Дверь открывается спустя вечность. Воспитательница выходит без русалочки.
Помню её улыбку и вопрос, типа: «Чего это ты тут стоишь?» Я не смогла ничего сказать. И заплакать тоже не смогла. Дальше – густой туман.
Мне не вернули мою работу. И мама так и не узнала о её существовании. Той русалочки уже и нет вовсе – пластилин недолговечный материал. Возможно, я лепила русалочек и в будущем, но ни одна не была той – первой.
Мне не позволили полюбоваться результатом моего труда, лишили возможности наиграться, повосхищаться вдоволь и проститься. Растоптанность несправедливостью коснулась меня слишком рано. Нелепая и, казалось бы, пустячная потеря, поселилась в моем подсознании, росла вместе со мной и сжирала внушительную часть жизни, без моего ведома. Ощущение безвозвратной и не прожитой утраты настигло меня сквозь много лет.

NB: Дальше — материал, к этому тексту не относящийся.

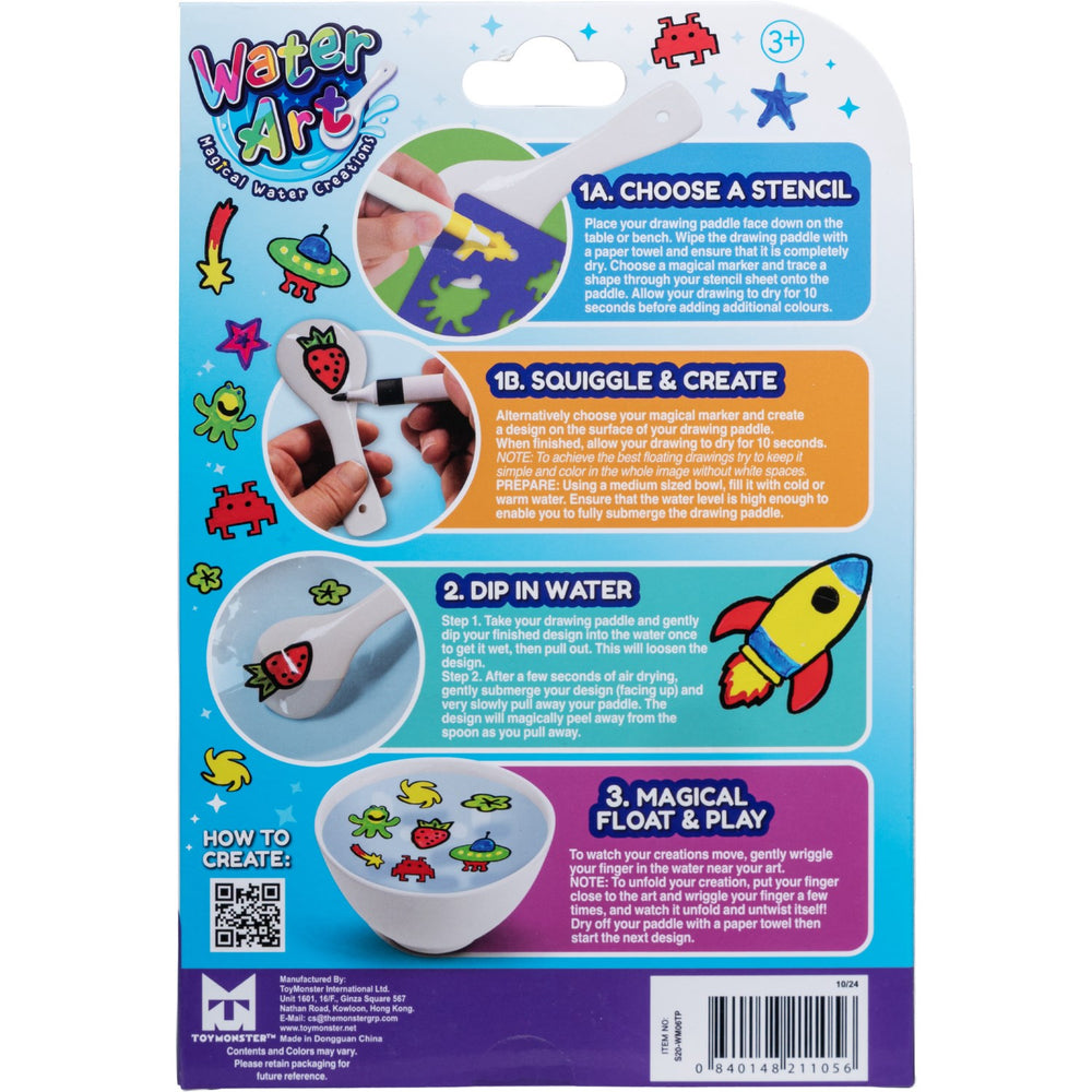 - Rita dina skapelser på baksidan av den medföljande skeden med de medföljande speciella Water Art-pennorna

В кабинете психолога повисла мертвая тишина. Я посмотрела на множество мокрых салфеток вокруг себя – мой личный индикатор глубины переживания. Это была одна из самых эмоциональных сессий за многолетнюю терапию – вокруг был целый океан слез… Вернуться в «здесь и сейчас» было сложно. Сил не было, и плакать было больше нечем… Была горькая обида, ощущение фрустрации и вопрос, занимавший всё во мне: «Ну как же так?!».

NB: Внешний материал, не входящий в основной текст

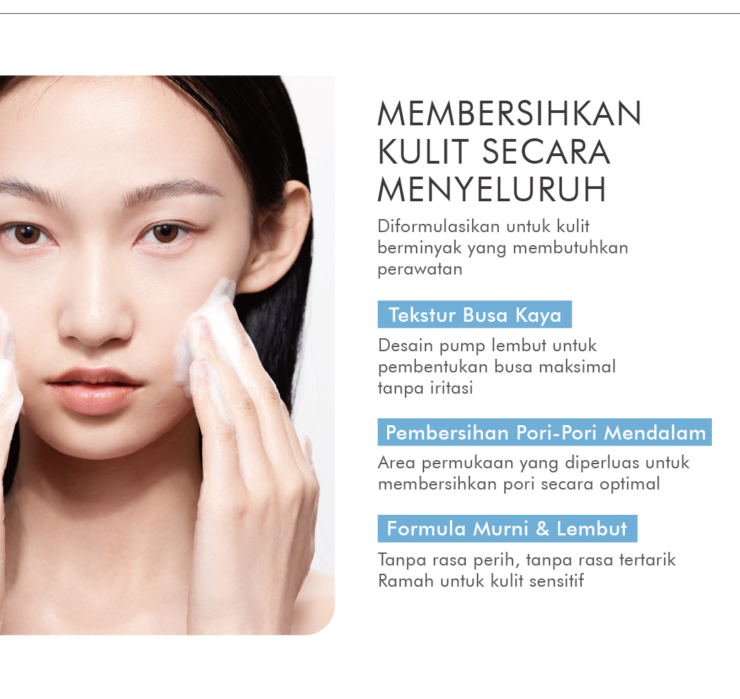 Pembersih wajah dengan tekstur busa yang lembut, secara efektif membersihkan debu dan kotoran tanpa merusak skin barrier atau menyebabkan kulit terasa kencang.

Тишину прервал тихий, твёрдый голос психотерапевта:
– Слепи себе эту русалочку. Позволь себе это. Позволь себе обладать ею.
Я ошиблась. Слез хватит еще на несколько океанов.
Глупый маленький мышонок.
Часть 1
Безмятежный сон Павла Константиновича, в невесомости теплых околоплодных вод, прервался. Блаженство внезапно сменилось запахом гниющей плоти и резким звуком. Закрыть нос и уши Павел Константинович не может – слабые руки его не слушают. Гул и незнакомый скрежет усилились, разрывая его тело изнутри. Острая боль нарастает, Павел Константинович кричит. Вызванные смрадом рефлексы безрезультатны – Павел Константинович голоден. Его лихорадит, голову словно сдавливают тиски, от вонючей гнили сознание покидает слабое тело…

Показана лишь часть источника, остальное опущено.